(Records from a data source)
******

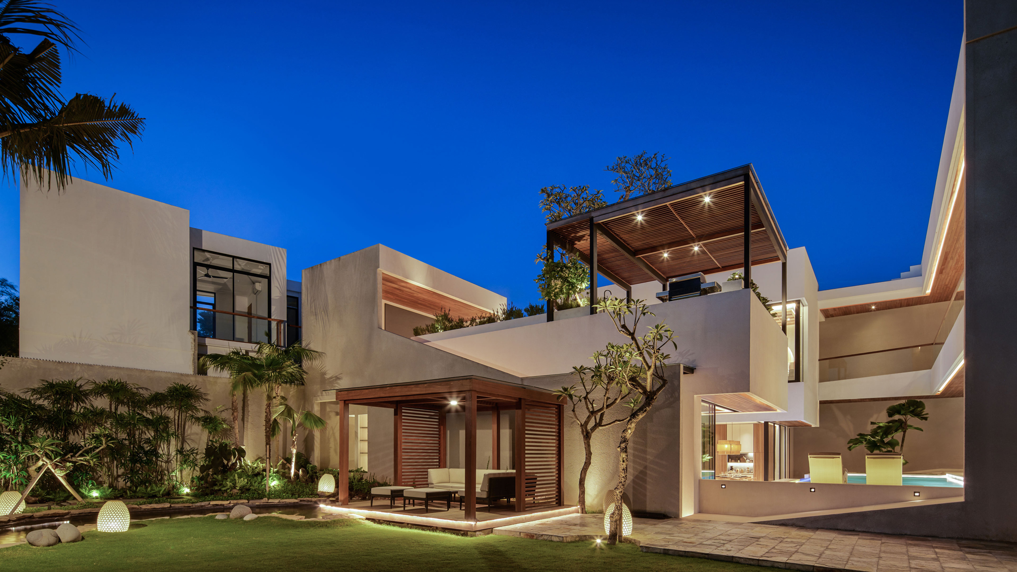 Outdoor Living - Infinity pool with concealed, colour-changing lights along the acrylic. Two sun loungers set atop a shallow platform in the pool. Splash pool for kids. Sunken outdoor living sala, great for evening cocktails. Tropical garden with tall palm trees and a Balinese temple. Koi pond with a water feature, and gazebo with sofa seating. Rooftop terrace with barbecue and alfresco dining for 10. Outdoor theatre with 150-inch projector screen and beanbags.
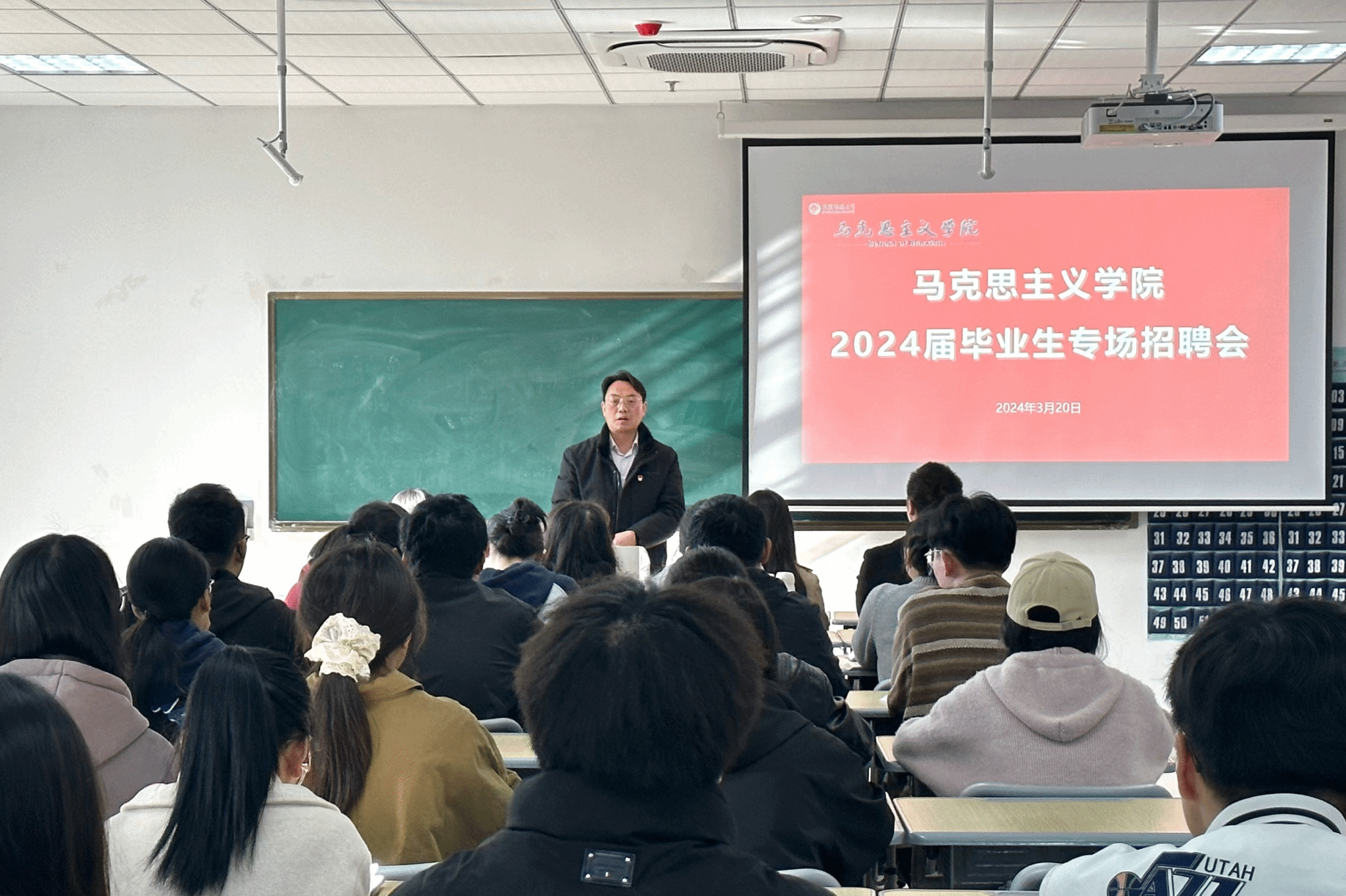 3月20日,马克思主义学院召开2024届毕业生专场招聘宣讲会。凤台精忠中学、安庆育才中学和合肥尚真中学等招聘学校到学院开展招聘宣讲,学院40余名毕业生参加。
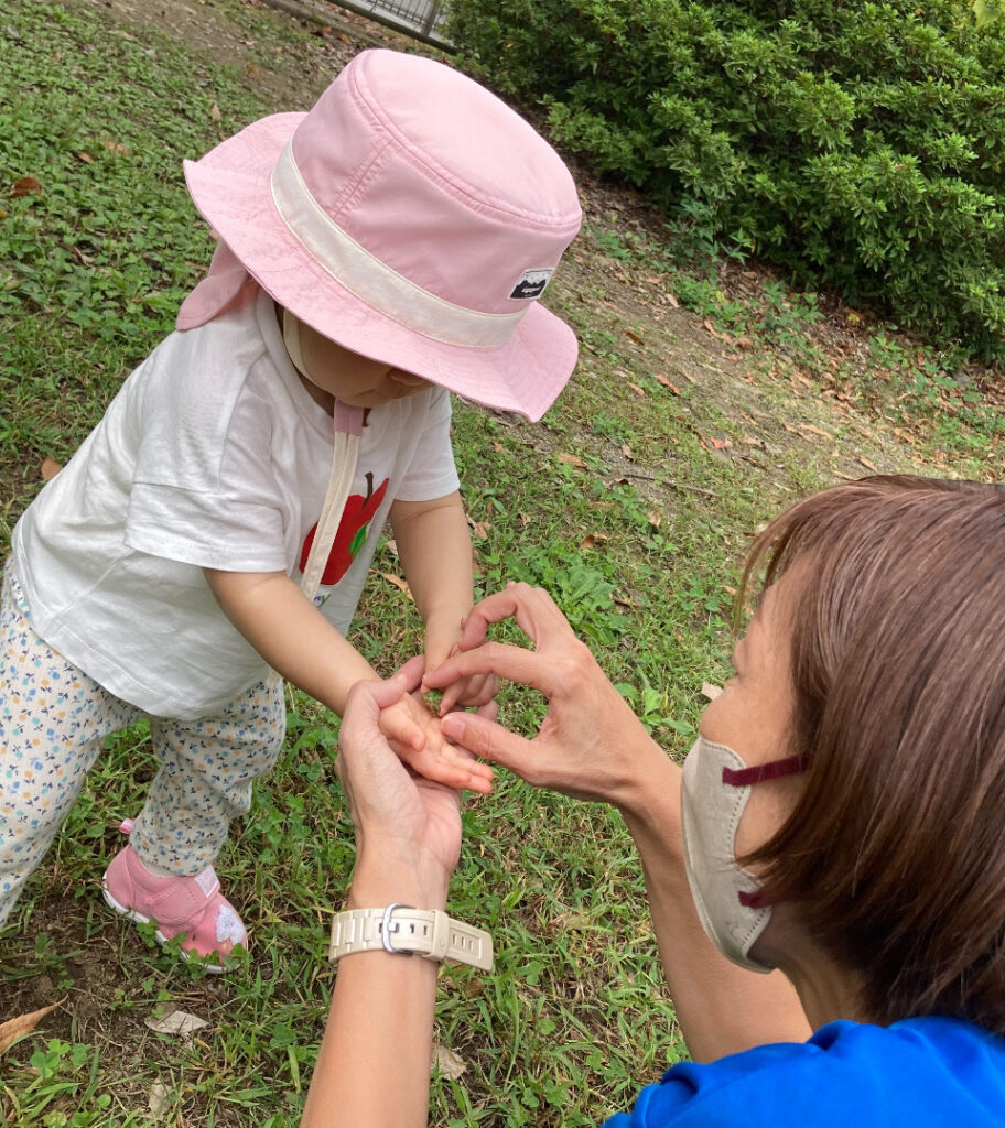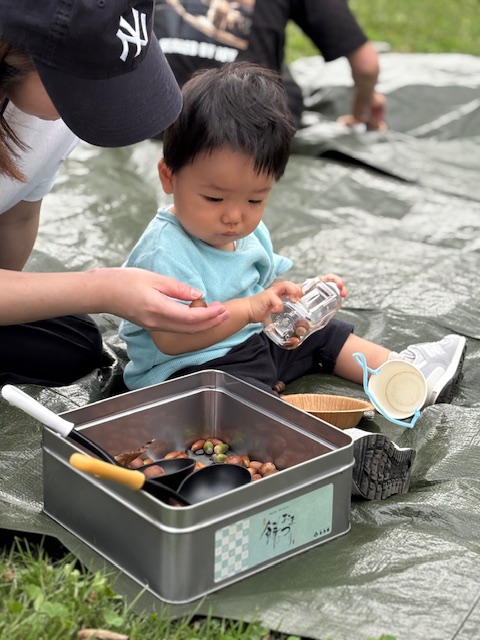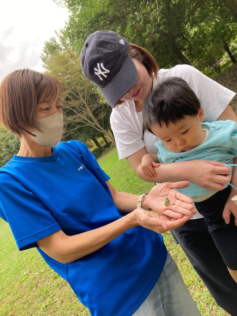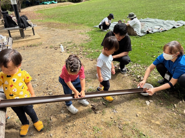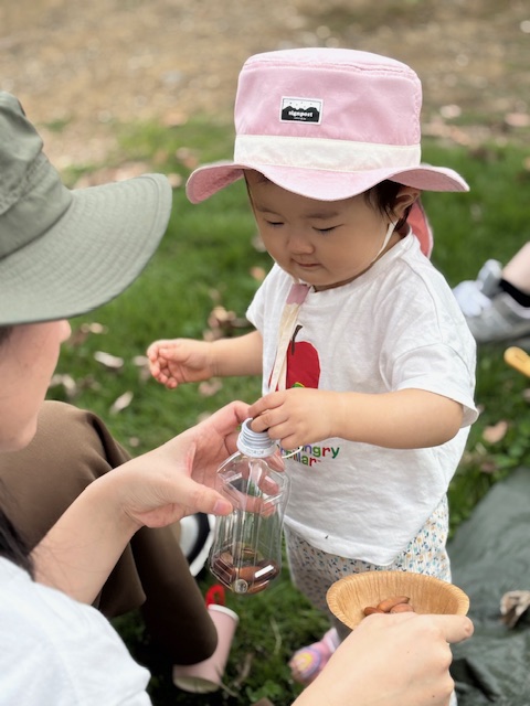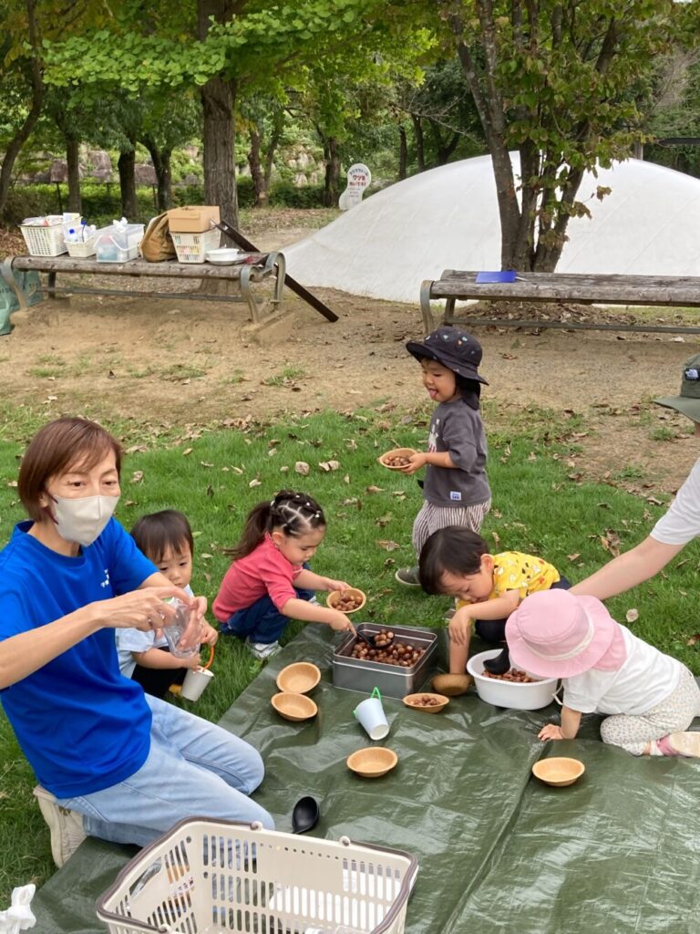 暑さにばかり気を取られていたけど、ちゃんと自然は秋に向かう準備をしていたんだね~とママたちと秋の実りに感心。みんなでたくさん集めた後は…
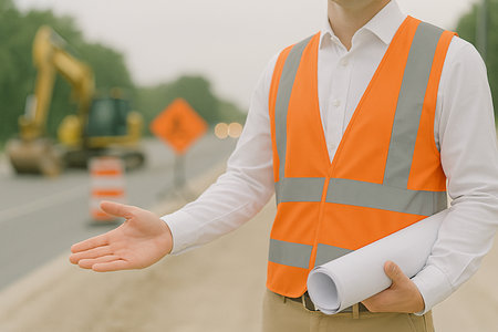 AI generated A professional civil engineer stands at the frame's edge gesturing toward an active road construction site. The infrastructure development scene showcases urban planning, engineering
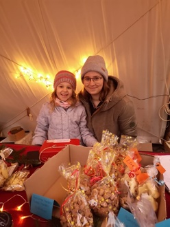 Am Samstag, den 09.12.2023 stand der langersehnte Weihnachtsmarkt in Nauheim an. Natürlich hatte der Kindergarten einen großen Stand. Hier verkauften die Erzieher*innen zusammen mit den Vorschulkindern tolle Sachen, die von den Eltern und vielen anderen Personen aus Nauheim extra für unseren Stand beim Adventsfunkeln gespendet wurden. Es gab selbstgemachte Handwärmer, handgemachte Seife, viele verschiedene Gewürze, Trinkschokolade, Plätzchen, Stirnbänder, Bruchschokolade, tolle gehäkelte Sachen, Konfitüre, gebrannte Mandeln und vieles mehr zu verkaufen. Fleißig standen die Vorschulkinder aus dem Nauheimer Kindergarten mit ihren Erzieher*innen in dem Verkaufshäuschen und gaben sich große Mühe beim Verkaufen. Innerhalb kürzester Zeit, kamen viele Besucher an den Stand und kauften unsere schönen Sachen und somit konnte ein stolzer Preis erzielt werden.
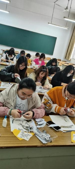 随后在老师的指导下,学生对非遗项目进行制作,在制作过程中大家品味了传统文化内涵和独特技艺之美,课程现场学生对非遗产生了浓厚的兴趣,有部分学生表示第一次感受到传统文化的魅力与手工艺之美,并表示准备在毕业设计中融入非遗等传统文化元素,利用设计元素将传统文化进行现代化转化,将自己小小的一份力量参与到推动非遗的创新发展中,积极实现中华优秀传统文化的高质量传播。非遗老师也表示很乐意和设计类大学生一起创作,也看到学生新的创作方式,为非遗的发展注入了新的血液。
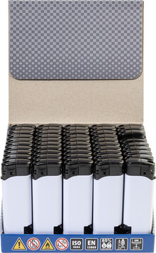 Plnitelný plastový piezoelektrický zapalovač s otvírákem. Dětská pojistka. Dodává se s přibližně 80% hladinou plynu. K dispozici pouze v plném exportním kartonovém množství (násobky 500 kusů)!
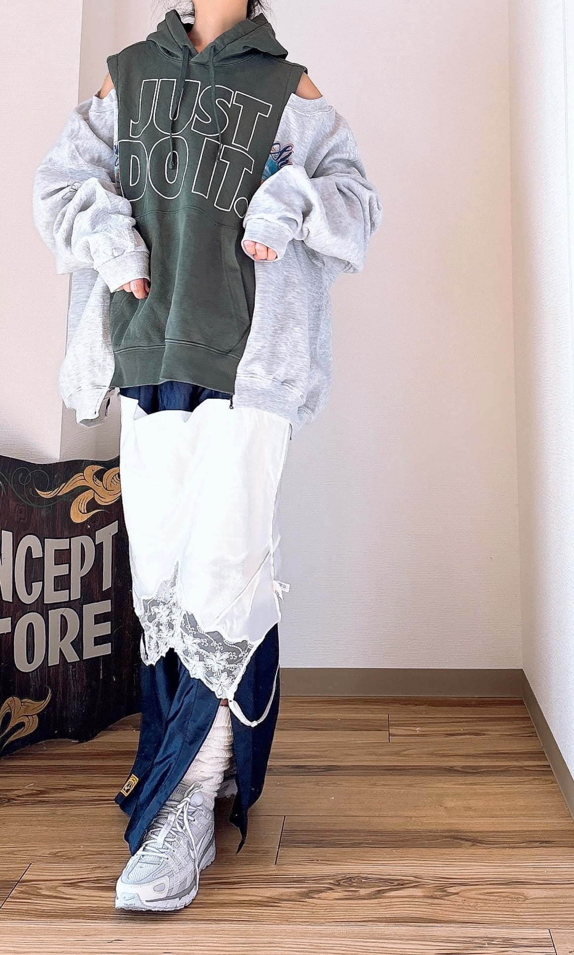 オーバーサイズのスウェットで、着痩せ効果抜群だから重宝します。

******

» **Exercise details**
Exactly the lines from the one that contains "随后在老师的指导下,学生对非" through the last line of the records should be set down, and the pictures should be dropped.

» **Solution**
 随后在老师的指导下,学生对非遗项目进行制作,在制作过程中大家品味了传统文化内涵和独特技艺之美,课程现场学生对非遗产生了浓厚的兴趣,有部分学生表示第一次感受到传统文化的魅力与手工艺之美,并表示准备在毕业设计中融入非遗等传统文化元素,利用设计元素将传统文化进行现代化转化,将自己小小的一份力量参与到推动非遗的创新发展中,积极实现中华优秀传统文化的高质量传播。非遗老师也表示很乐意和设计类大学生一起创作,也看到学生新的创作方式,为非遗的发展注入了新的血液。
 Plnitelný plastový piezoelektrický zapalovač s otvírákem. Dětská pojistka. Dodává se s přibližně 80% hladinou plynu. K dispozici pouze v plném exportním kartonovém množství (násobky 500 kusů)!
 オーバーサイズのスウェットで、着痩せ効果抜群だから重宝します。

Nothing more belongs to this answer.